Ektachrome film has three separate light-sensitive layers; each layer is sensitive to a different group of wavelengths corresponding to red, green, and blue colors. When the film is exposed, each layer records a latent image based on its sensitivity. A yellow filter prevents blue light from exposing the green- and red-sensitive layers, which have some sensitivity to blue light.

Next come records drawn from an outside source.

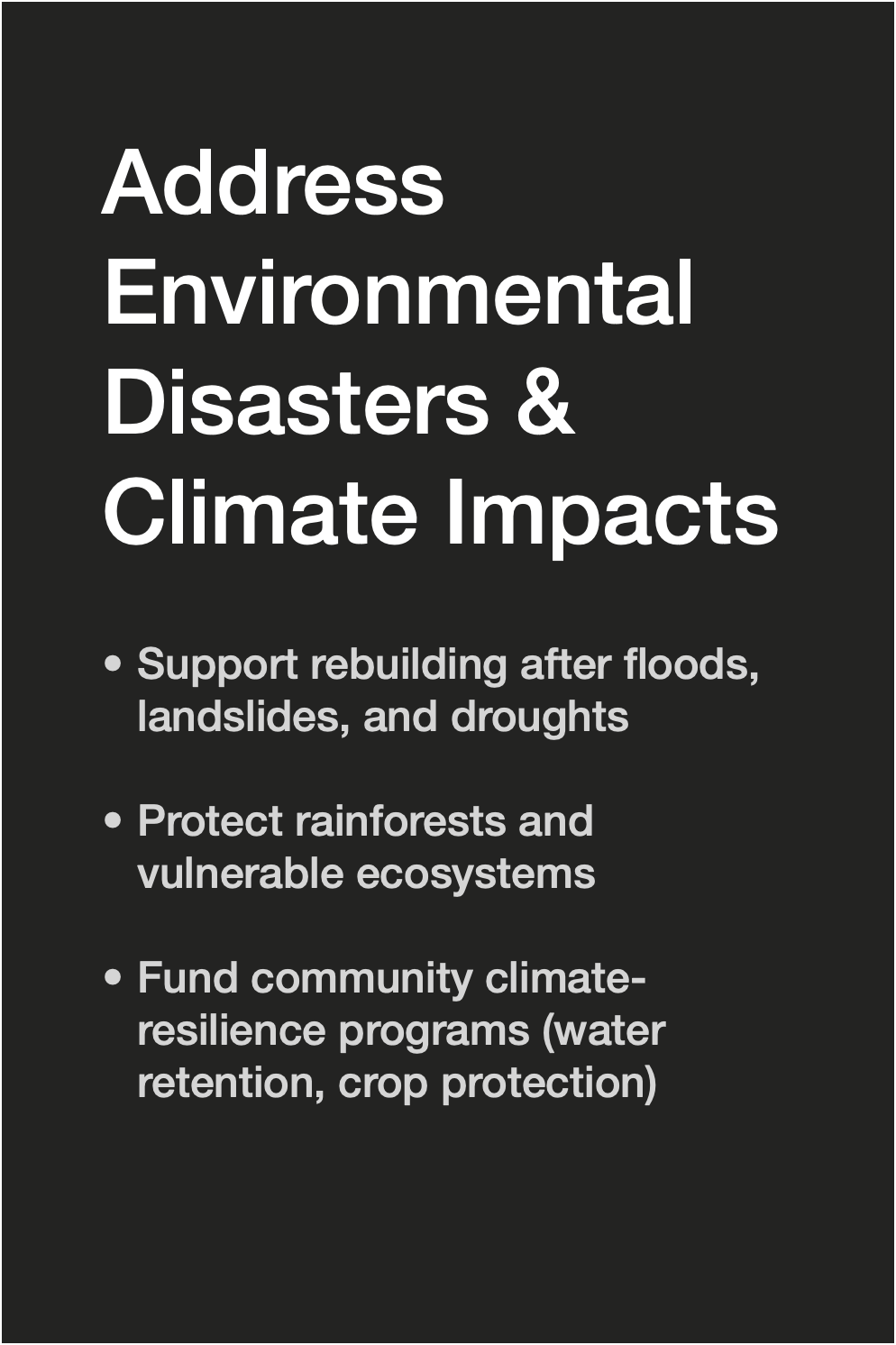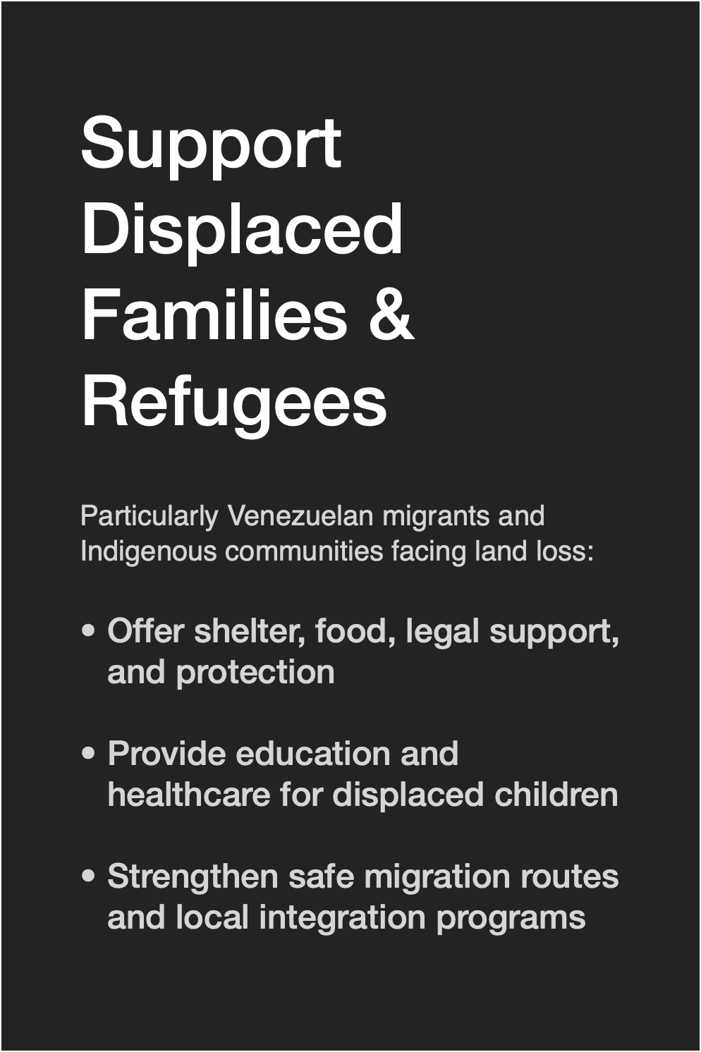 Our mission is to support and uplift vulnerable communities across South America by addressing poverty, food insecurity, environmental disasters, healthcare shortages, and the displacement of families.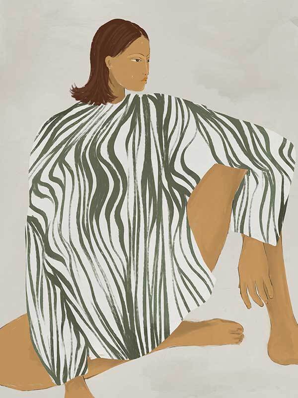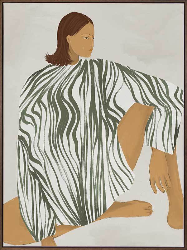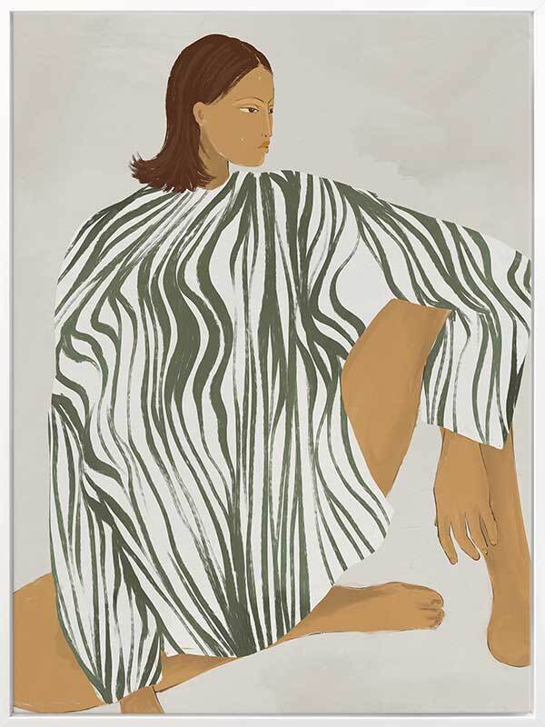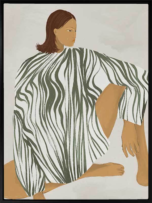 Delilah Daring Canvas Art Print - Delilah Daring exudes confidence and fierce energy, featuring a warm-weather favourite dress with its playful stripe pattern. With such a statement design in the foreground, the palette remains neutral with khaki green, warm brown and stone-grey tones.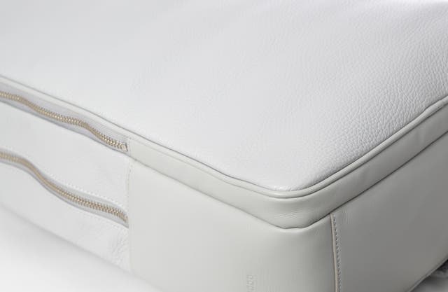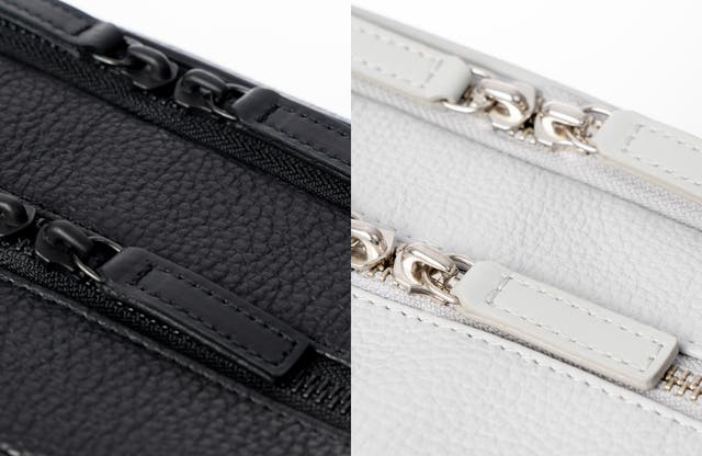同系色の質感の異なる革を組み合わせることで、シンプルながらもデザイン性をプラスした印象に仕上げています。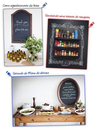 O tutorial de hoje não é invenção minha. Vi esses dias passeando pelo facebook, adorei a ideia, adaptei, testei e amei. Afinal, meu chá de panela ta chegando, o tema é boteco e lousinhas (quadro negro) para escrever com giz, tem tudo a ver.

Films are processed at 75 F with a tolerance of only ±0.5°F; exceeding these limits could cause color shifts. The steps are:

Early Ektachrome processes
| Step |  |  | Schematic | E-1 (1946) |  | E-1 (1955) E-2 (1955) E-3 (1959) |  | Description |
| Time (min) | Temp. | Time (min) | Temp. |
|  | 1 | First developer |  | 15 | 68 °F (20 °C) | 10 | 75 °F (24 °C) | This is a conventional black-and-white developer, which develops the exposed portions as a negative. |
| 2 | Stop bath / rinse | 1 | 65–72 °F (18–22 °C) | 1 | 73–77 °F (23–25 °C) |  |
| 3 | Hardener | 5–10 | 66–70 °F (19–21 °C) | 3–10 | 73–77 °F (23–25 °C) |
|  | 4 | Reversal exposure |  | varies (typically 5 sec/side) |  |  |  | The film is removed from the tank and thoroughly exposed with a bright light for either 5 seconds on each side, or each end of the reel is exposed for 15 seconds at a distance of 1 ft (0.30 m) from a No. 2 photoflood. This step sensitizes the remaining silver halide crystals for the colour developer. Replace in tank, though the lid was no longer required. |
| 5 | Wash | 5 | 65–72 °F (18–22 °C) | 3 | 73–77 °F (23–25 °C) | Using running water |
| 6 | Colour developer |  | 25 | 66–70 °F (19–21 °C) | 15 | 73–77 °F (23–25 °C) | This develops the now exposed silver bromide, and simultaneously activates the dye couplers in the three colour-sensitive layers of the film. |
| 7 | Wash | 5 | 65–72 °F (18–22 °C) | 5 | 73–77 °F (23–25 °C) | Using running water |
| 8 | Clear | 5 | 66–70 °F (19–21 °C) | 5 | 73–77 °F (23–25 °C) | To remove pink stains left by the colour developer. Solution saved for fixing bath (step 12). In the E-1 process, this is noted as a "clearing and fixing bath." |
| 9 | Rinse | 1 | 65–72 °F (18–22 °C) | 1 | 73–77 °F (23–25 °C) | Using running water for at least 30 seconds, but not more than 90 seconds. |
| 10 | Bleach |  | 10 | 66–70 °F (19–21 °C) | 8 | 73–77 °F (23–25 °C) | To convert all the developed silver into compounds that are made soluble in the fixer |
| 11 | Rinse | 1 | 65–72 °F (18–22 °C) | 1 | 73–77 °F (23–25 °C) |  |
| 12 | Fix |  | 5 | 66–70 °F (19–21 °C) | 3 | 73–77 °F (23–25 °C) | To remove all the developed silver. In the E-1 process, this is noted as a "clearing and fixing bath." |
| 13 | Wash | 10 | 65–72 °F (18–22 °C) | 8 | 73–77 °F (23–25 °C) | Running water |
| 14 | Stabilizing / Wetting agent rinse | 1 | 65–72 °F (18–22 °C) | 1 | 73–77 °F (23–25 °C) | Using Kodak Photo-Flo to remove water droplets |
| 15 | Dry | not specified |  | varies | <110 °F (43 °C) | Same as for black-and-white films |

The original Ektachrome process introduced in 1946 used similar steps with different durations; the total processing time was approximately 90 minutes. It was renamed to E-1 when the E-2 process was introduced in 1955 for ASA 32 Ektachrome, followed by E-3 for ASA 50 Ektachrome in 1959.

Films designed for E-2 and E-3 are prone to fading because of the instability of the color dyes. The processes were phased out in 1974 in favor of E-4 (which was introduced in 1966), and two years later E-6 was introduced which remains in use to this day.